To meet the growing consumption of vanillin by industries while fulfilling the market for more 'natural' or 'healthy' vanillin, the focus has shifted to alternative methods of vanillin production by biosynthesis from more natural precursors, such as lignin, phenolic stilbenes, isoeugenol, eugnol, ferulic acid, and aromatic acids. Aligned with this movement, European and United States legislations have allowed microbial production of vanillin to be classified as natural vanillin.

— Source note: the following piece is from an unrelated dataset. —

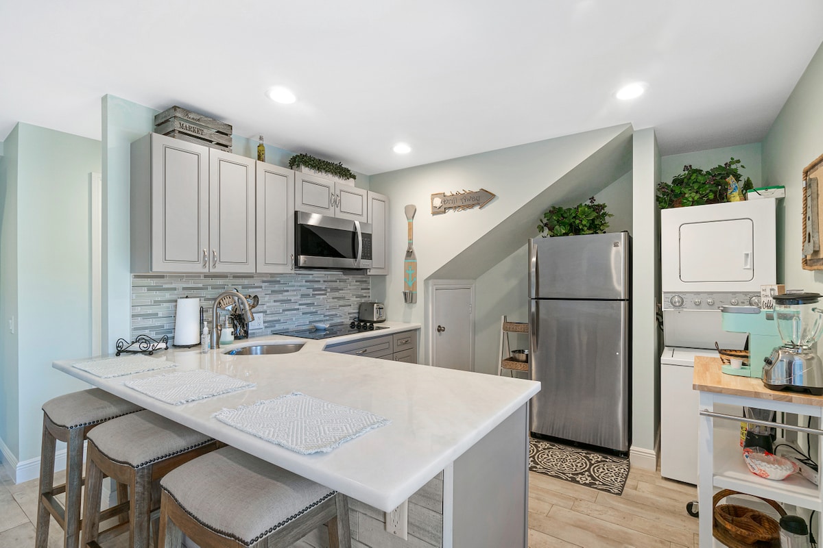 „Mango Beach“. Wunderschön renoviert und für die anspruchsvollsten Gäste dekoriert. Mache eine erfrischende Fahrt zum Strand auf einem unserer neuen Strandkreuzer, etwa eine halbe Meile. Du kannst auch einen entspannenden Spaziergang zum gehobenen gastronomischen, Unterhaltungs- und Kunstangebot der Atlantic Ave. unternehmen. Zieh dich zurück, um dich auf unseren neuen Memory-Schaum-Matratzen mit komplett weißer Bettwäsche und Handtüchern auszuruhen. Oder genieße den Grill im Freien für eine ruhige Nacht zu Hause. Familienfreundlich. Gegenüber von einem schönen Park. BITTE KEINE RAUCHER.
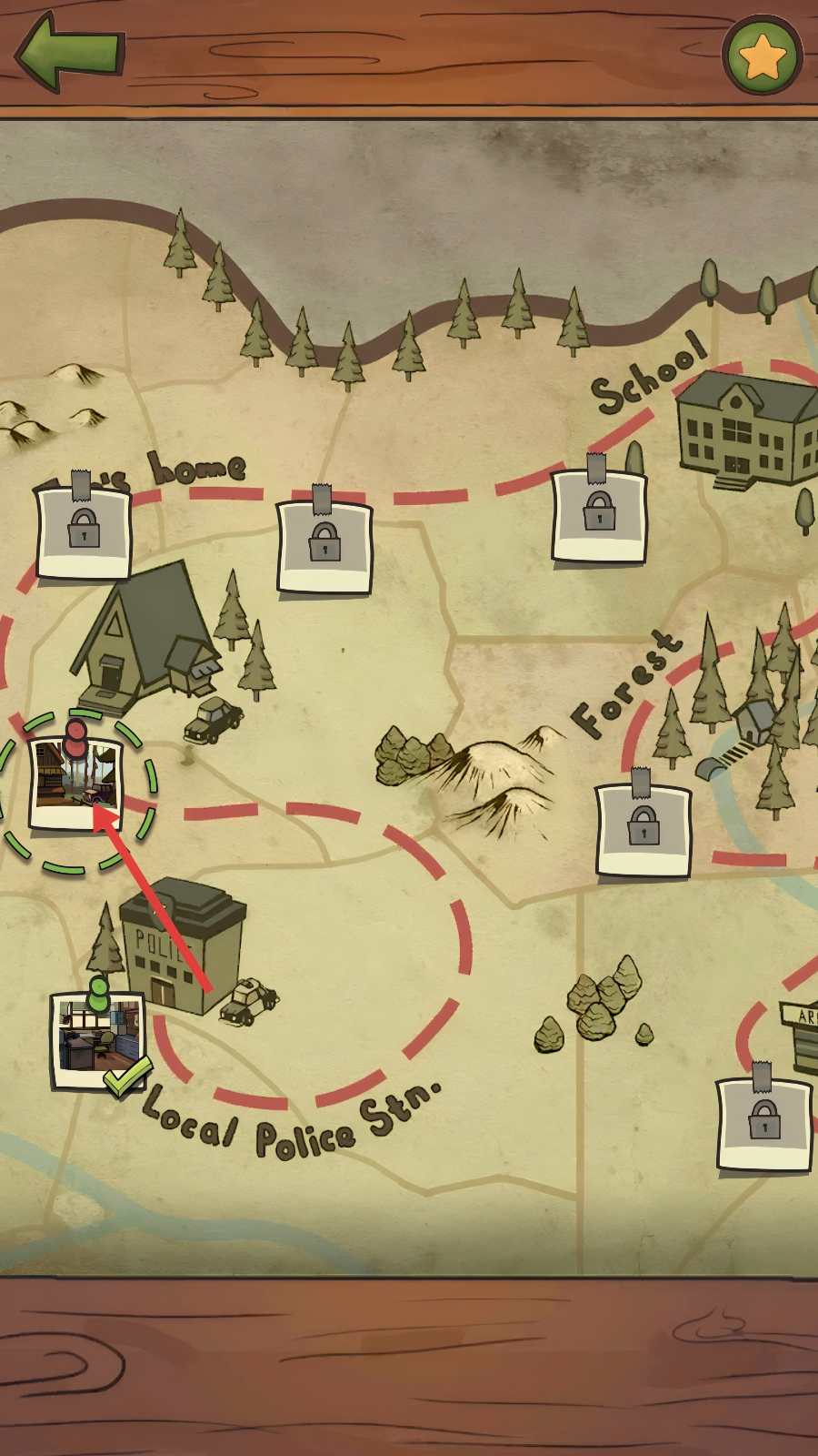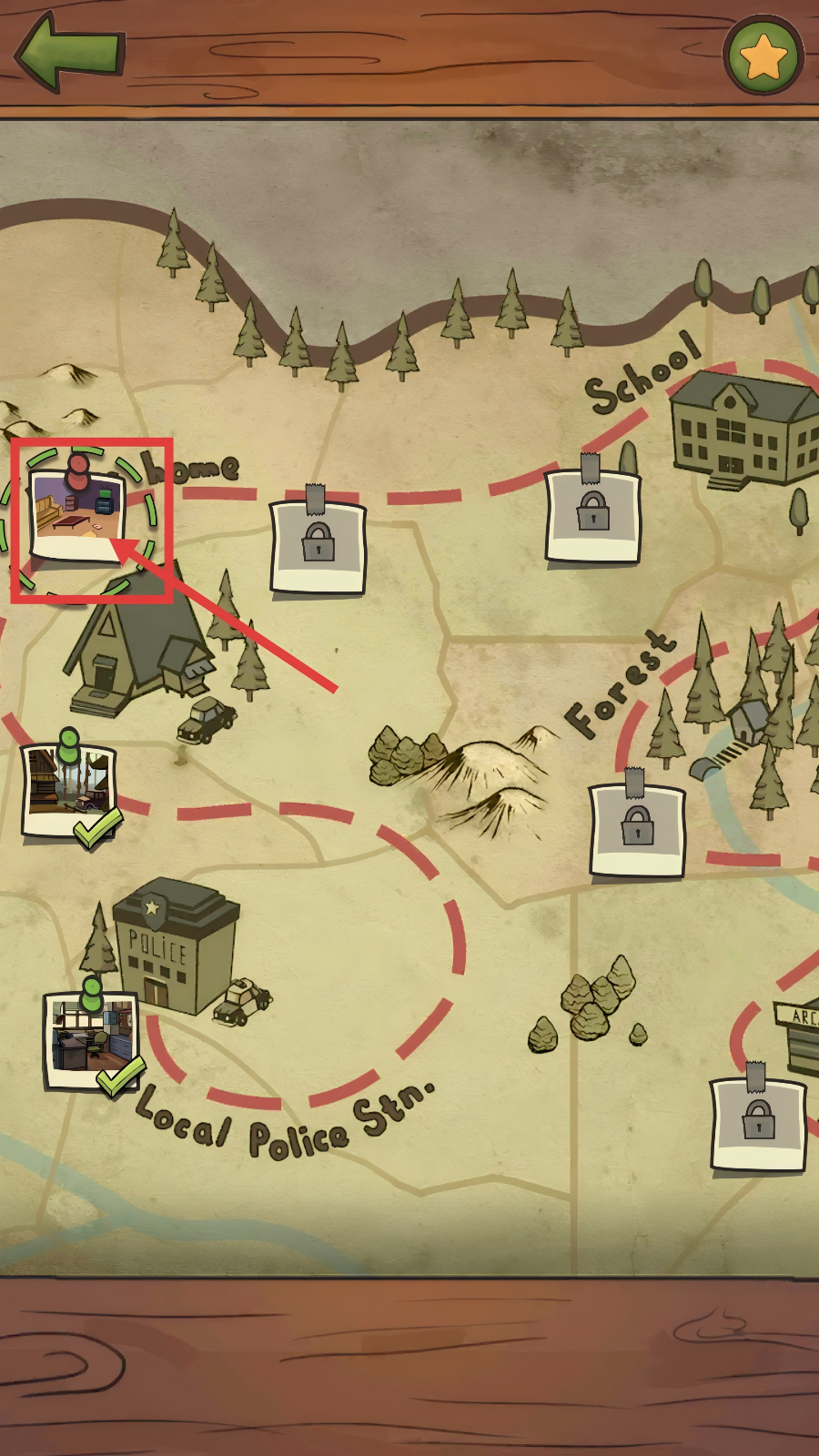 4、完成当前场景的物品收集后,返回地图界面,点击新的带标记场景图标,推进到下一个解谜关卡。

Microbial Synthesis of Vanillin
Vanillin production in microorganisms has been heavily researched in Pseudomonas sp., Amyclatopsis sp., Sphingomonas pauimobilis,Rhodococcus , Pseudomonas putida KT2440, Pseudomonas fluorescens, and Streptomyces setonii. One important pathway that these microorganisms share for vanillin production is the conversion of ferulic acid to vanillin. Ferulic acid (4-hydroxy-3-methoxycinnamic acid), or hydroxycinnamic acid, is a component of the cell walls in cereals, woods, and sugar beets. Ferulic acid is best utilized as a precursor for synthesis of aromatic compounds such as vanillin, which involves 2 enzymes: the conversion of ferulic acid to feruloyl-CoA by feruloyl-CoA synthetase (Fcs) enzymes and the conversion of feruloyl-CoA into vanillin by enoyl-CoA hydratase/aldolase (Ech) enzymes. Heterologous expresion of these 2 genes (fcs and ech) in E.coli have been characterized to show moderate production of vanillin with the highest molar yield of 54.% found in Streptomyces sp. strain V-1.